Loading 3D data works the same as loading 2D data, but this time the cost and
rank arrays will be 3 dimensional.  Here we load and plot some example 3D data
(`LBC_3D.txt`) from a simulation run on 4 MPI ranks.  Particles fill the box
from :math:`k=0` to :math:`k=1`.

.. code-block:: python

    sim_3D = pdm.SimData('LBC_3D.txt', [1,2,3])
    sim_3D(1)

    # Plotting -- we know beforehand the data is 3D
    def plot_3D(sim, j0):
        """
        Plot MPI rank layout for a set of `LoadBalanceCosts` reduced diagnostics
        (3D) data.

        Arguments:
        sim -- SimData class with data (3D) loaded for desired iteration
        j0 -- slice along j direction to plot ik slice
        """
        # Make first cmap
        cmap = plt.cm.viridis
        cmaplist = [cmap(i) for i in range(cmap.N)][::-1]
        unique_ranks = np.unique(sim.rank_arr)
        sz = len(unique_ranks)
        cmap = mpl.colors.LinearSegmentedColormap.from_list(
            'my_cmap', cmaplist, sz) # create the new map

        # Make cmap from 1 --> 96 then randomize
        cmaplist= [cmap(i) for i in range(sz)]
        random.Random(6).shuffle(cmaplist)
        cmap = mpl.colors.LinearSegmentedColormap.from_list(
            'my_cmap', cmaplist, sz) # create the new map

        # Define the bins and normalize
        bounds = np.linspace(0, sz, sz + 1)
        norm = mpl.colors.BoundaryNorm(bounds, sz)

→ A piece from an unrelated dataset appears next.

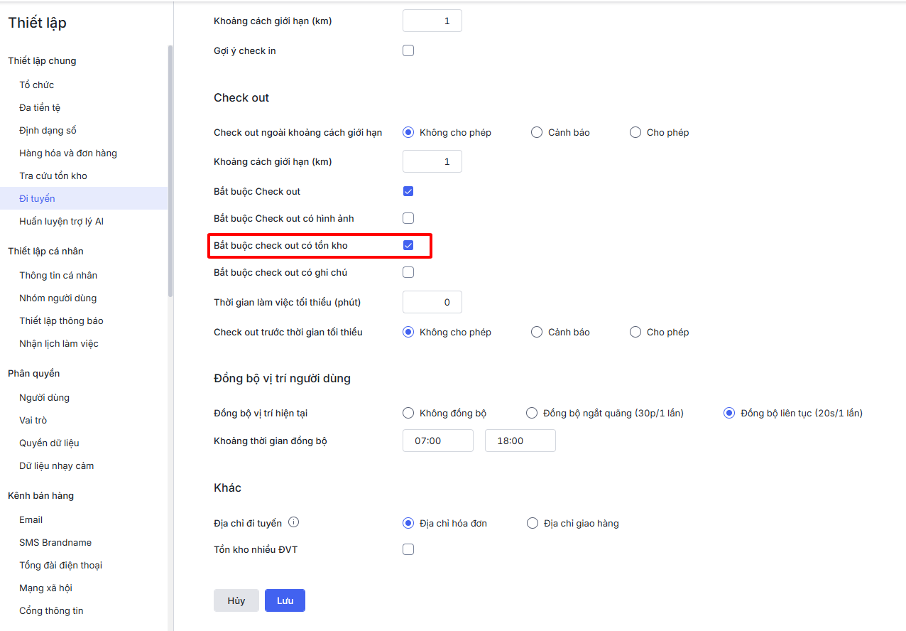 Bài viết hướng dẫn cách thiết lập quy tắc “Bắt buộc check out có tồn kho” trong nghiệp vụ Đi tuyến trên AMIS CRM. Việc bật thiết lập này sẽ yêu cầu nhân viên kinh doanh phải ghi nhận thông tin tồn kho tại điểm bán của khách hàng trước khi có thể check-out kết thúc một lượt ghé thăm. Điều này giúp đảm bảo tính tuân thủ, nâng cao chất lượng dữ liệu thu thập từ thị trường và cung cấp cho nhà quản lý thông tin chính xác về tình hình hàng hóa tại các điểm bán.

        mz, my, mx = sim.rank_arr.shape
        xcoord, ycoord, zcoord = np.linspace(0,mx,mx+1), np.linspace(0,my,my+1),
                                                         np.linspace(0,mz,mz+1)
        im = plt.pcolormesh(xcoord, zcoord, sim.rank_arr[:,j0,:],
                            cmap=cmap, norm=norm)

        # Grid lines
        plt.ylabel('$k$')
        plt.xlabel('$i$')
        plt.minorticks_on()
        plt.hlines(zcoord, xcoord[0], xcoord[-1],
                   alpha=0.7, linewidth=0.3, color='lightgrey')
        plt.vlines(xcoord, zcoord[0], zcoord[-1],
                   alpha=0.7, linewidth=0.3, color='lightgrey')

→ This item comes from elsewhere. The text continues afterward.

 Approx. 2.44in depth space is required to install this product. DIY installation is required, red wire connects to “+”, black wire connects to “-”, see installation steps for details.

        plt.gca().set_aspect('equal')

        # Center rank label
        for k in range(mz):
            for i in range(mx):
                text = plt.gca().text(i+0.5, k+0.5, int(sim.rank_arr[k][j0][i]),
                                      ha="center", va="center",
                                      color="red", fontsize=8)

        # Colorbar
        divider = make_axes_locatable(plt.gca())
        cax = divider.new_horizontal(size="5%", pad=0.05)
        plt.gcf().add_axes(cax)
        cb=plt.gcf().colorbar(im, label='rank', cax=cax, orientation="vertical")
        ticks = np.linspace(0, 1, len(unique_ranks)+1)
        cb.ax.yaxis.set_ticks(ticks)
        cb.ax.yaxis.set_ticklabels([0, 1, 2, 3, " "])

    fig, axs = plt.subplots(2, 2, figsize=(8, 8))
    for j,ax in enumerate(axs.flatten()):
        plt.sca(ax)
        plt.title('j={}'.format(j))
        plot_3D(sim_3D, j)
        plt.tight_layout()

This generates plots like in `[fig:distribution_mapping_3D] <#fig:distribution_mapping_3D>`__:

.. raw:: latex

   \centering

.. figure:: distribution_mapping_3D.png
   :alt: Sample distribution mappings from 3D simulations, visualized as slices in the :math:`ik` plane along :math:`j`.
   :name: fig:distribution_mapping_3D
   :width: 15cm

   Sample distribution mappings from 3D simulations, visualized as slices in the :math:`ik` plane along :math:`j`.